| PROBLEM TO SOLVE |
What is needed here is an exact repetition of the records below, beginning at the line that has "Bifteki, Souflaki, Bohnen, Krautsalat, Tomatenreis" and stopping after the line that has "Хоккей. Чемпионат КХЛ.".

[Opening ENTRIES SUPPLIED section]

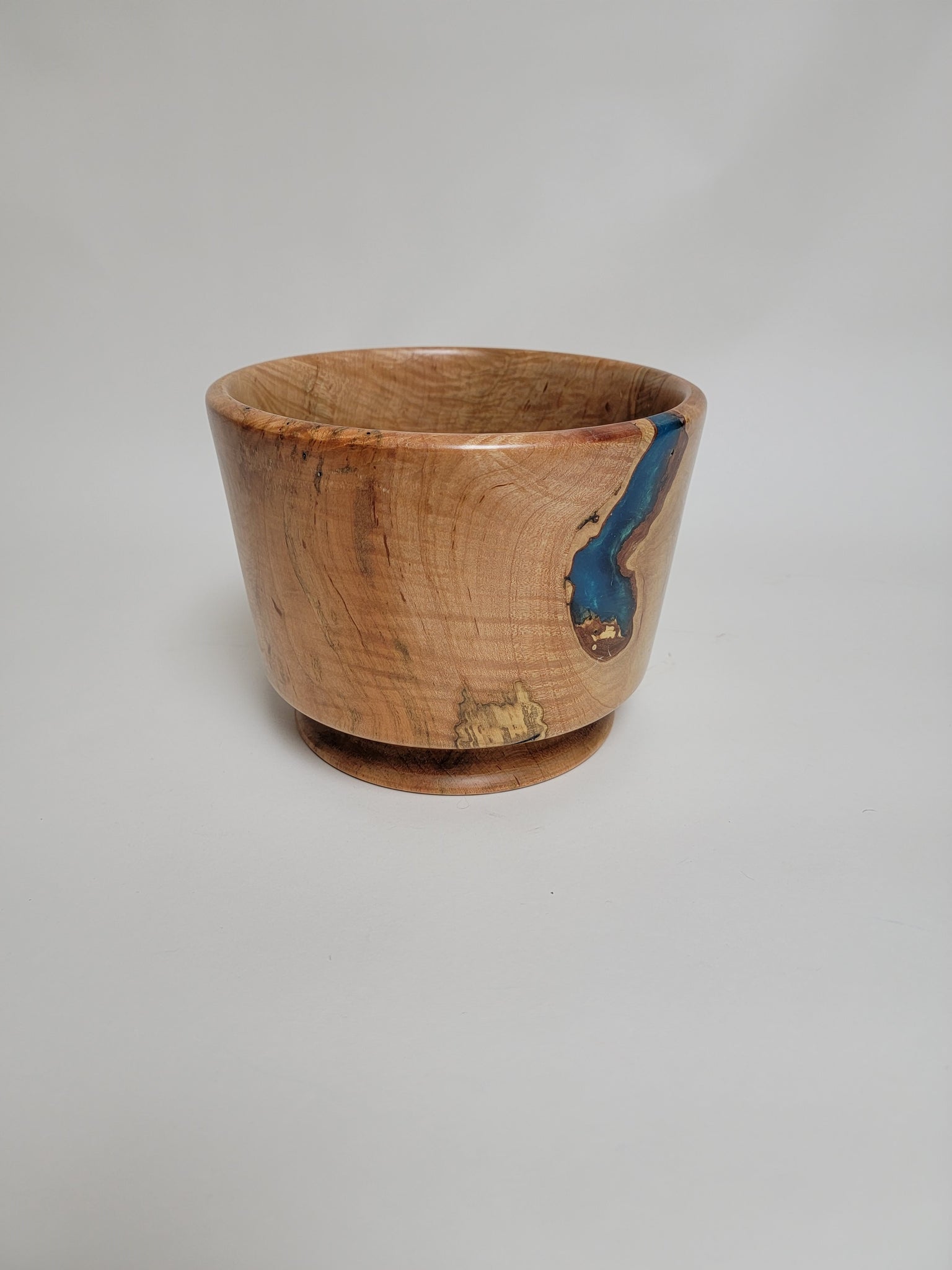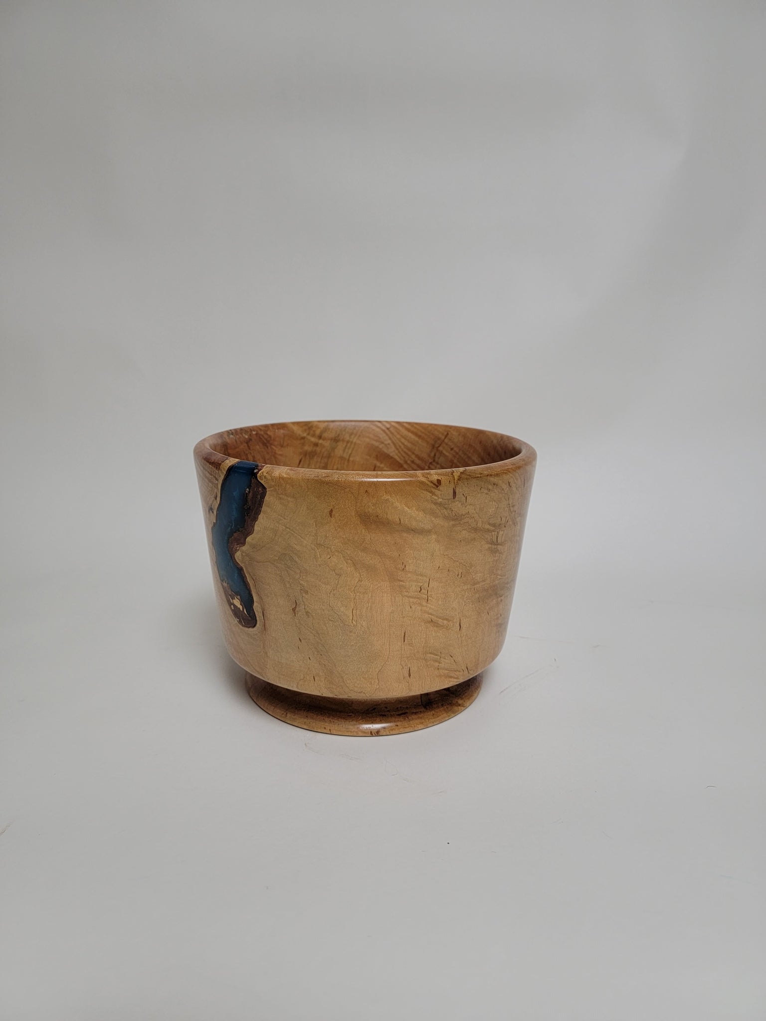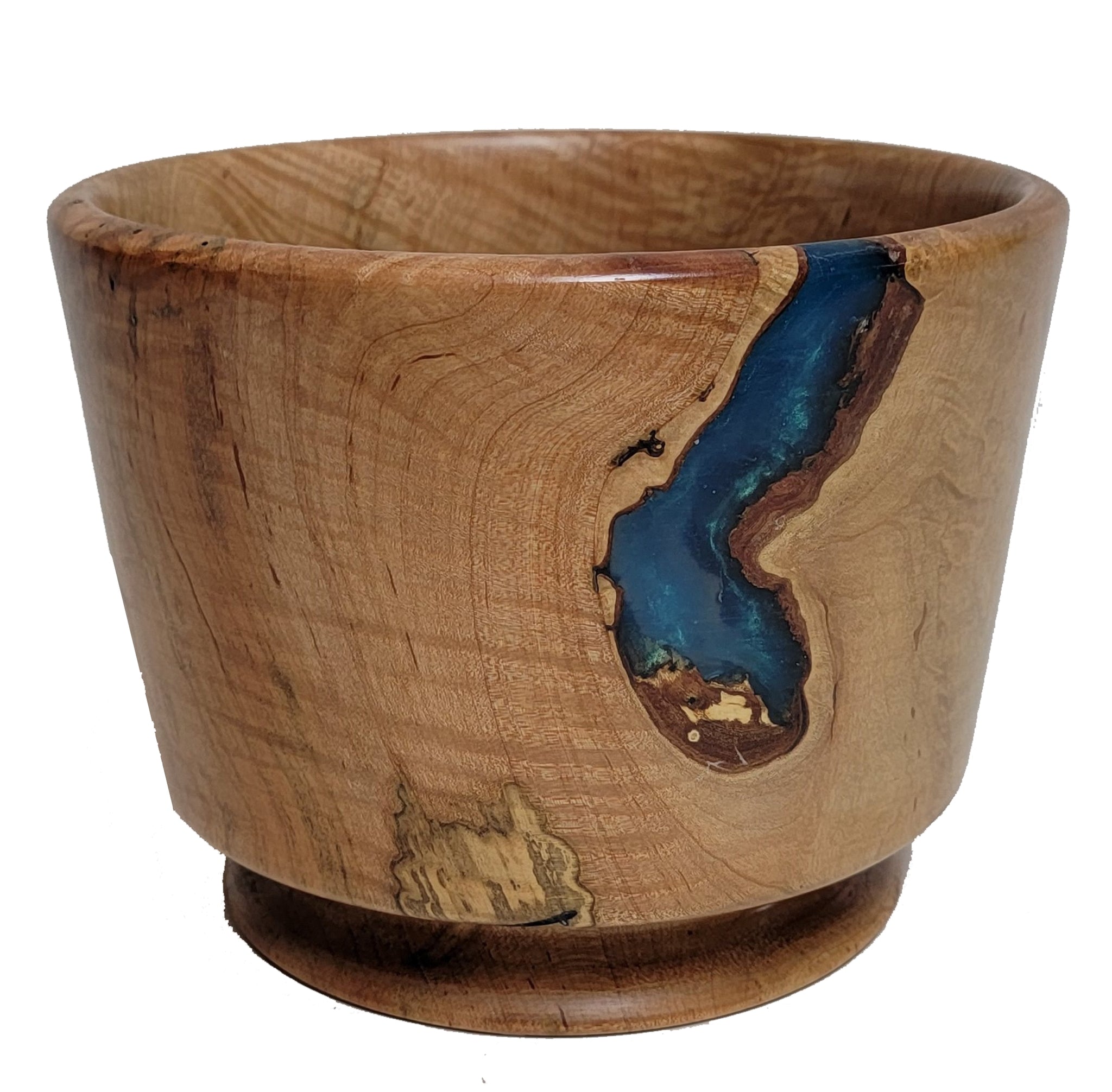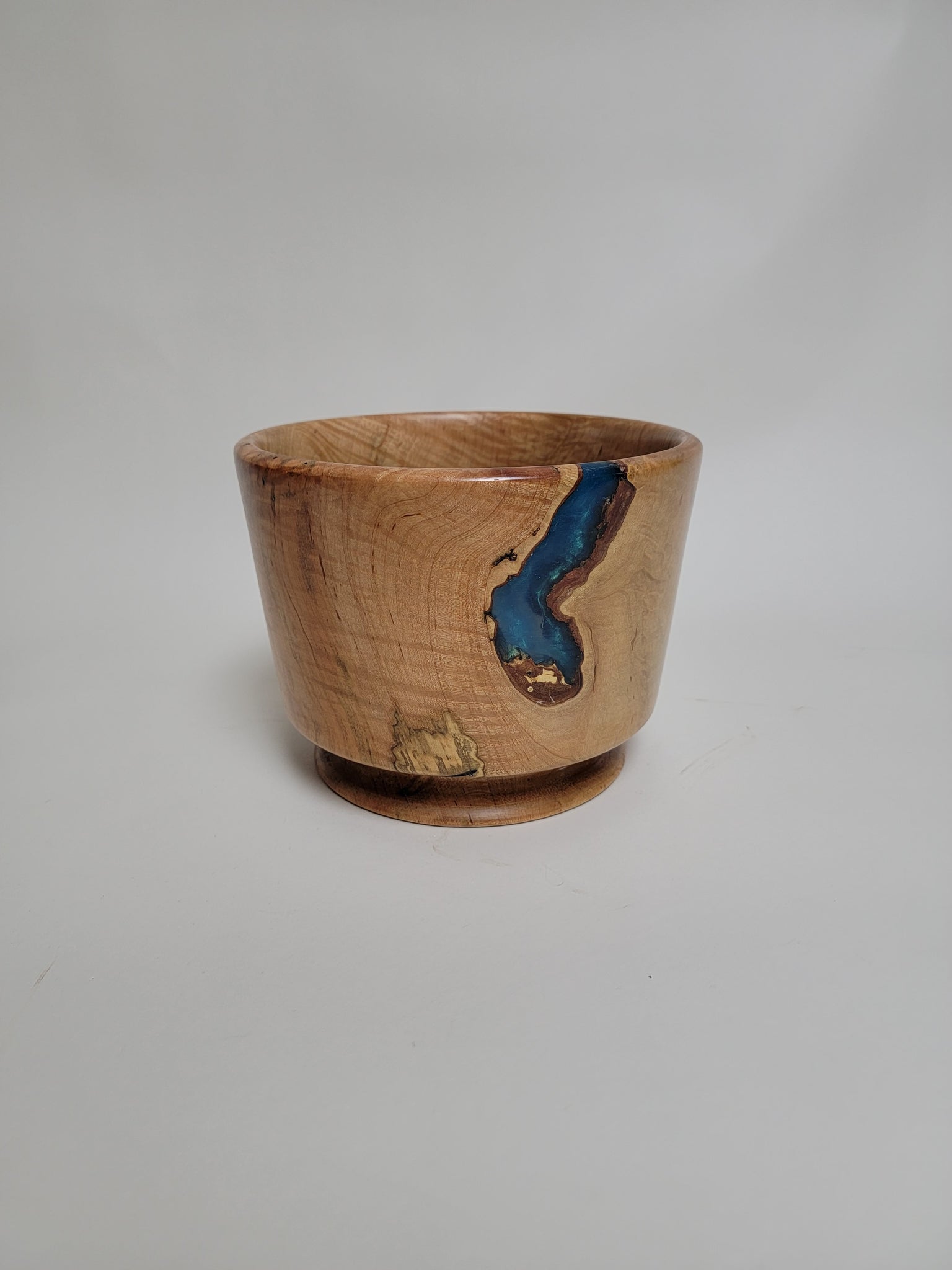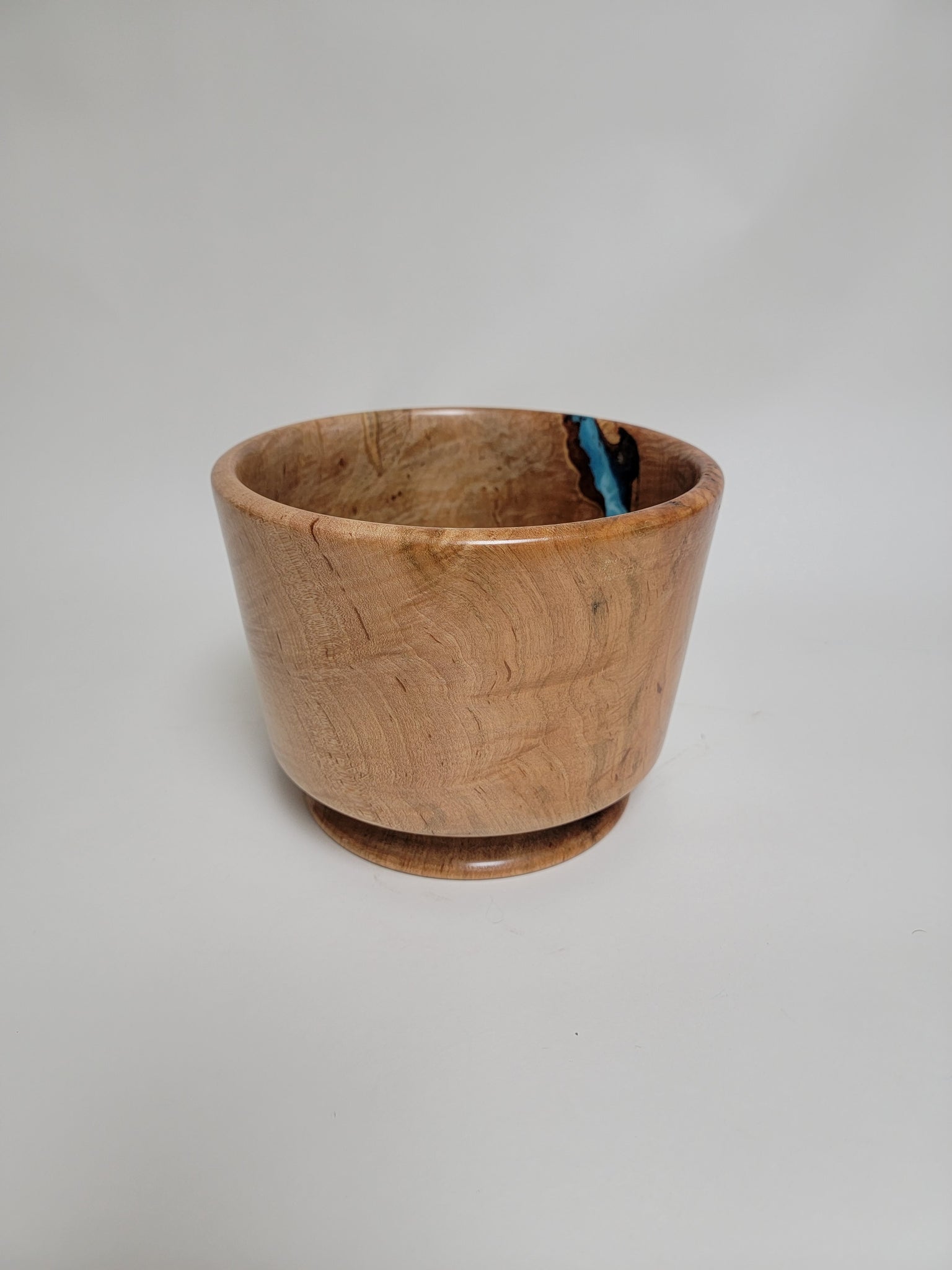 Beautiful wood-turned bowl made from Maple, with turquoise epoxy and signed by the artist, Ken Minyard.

[Closing ENTRIES SUPPLIED section]
[Opening ENTRIES SUPPLIED section]

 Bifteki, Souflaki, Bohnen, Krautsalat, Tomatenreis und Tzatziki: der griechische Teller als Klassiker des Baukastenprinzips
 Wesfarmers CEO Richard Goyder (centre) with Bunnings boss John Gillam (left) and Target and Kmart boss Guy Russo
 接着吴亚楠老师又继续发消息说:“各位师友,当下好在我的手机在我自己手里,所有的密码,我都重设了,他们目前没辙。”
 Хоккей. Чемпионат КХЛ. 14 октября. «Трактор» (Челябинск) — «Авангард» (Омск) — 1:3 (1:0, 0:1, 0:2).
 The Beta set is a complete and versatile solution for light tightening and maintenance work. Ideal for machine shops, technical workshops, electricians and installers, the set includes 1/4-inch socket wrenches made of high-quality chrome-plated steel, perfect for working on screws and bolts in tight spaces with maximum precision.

[Closing ENTRIES SUPPLIED section]

| FINISHED TASK |
 Bifteki, Souflaki, Bohnen, Krautsalat, Tomatenreis und Tzatziki: der griechische Teller als Klassiker des Baukastenprinzips
 Wesfarmers CEO Richard Goyder (centre) with Bunnings boss John Gillam (left) and Target and Kmart boss Guy Russo
 接着吴亚楠老师又继续发消息说:“各位师友,当下好在我的手机在我自己手里,所有的密码,我都重设了,他们目前没辙。”
 Хоккей. Чемпионат КХЛ. 14 октября. «Трактор» (Челябинск) — «Авангард» (Омск) — 1:3 (1:0, 0:1, 0:2).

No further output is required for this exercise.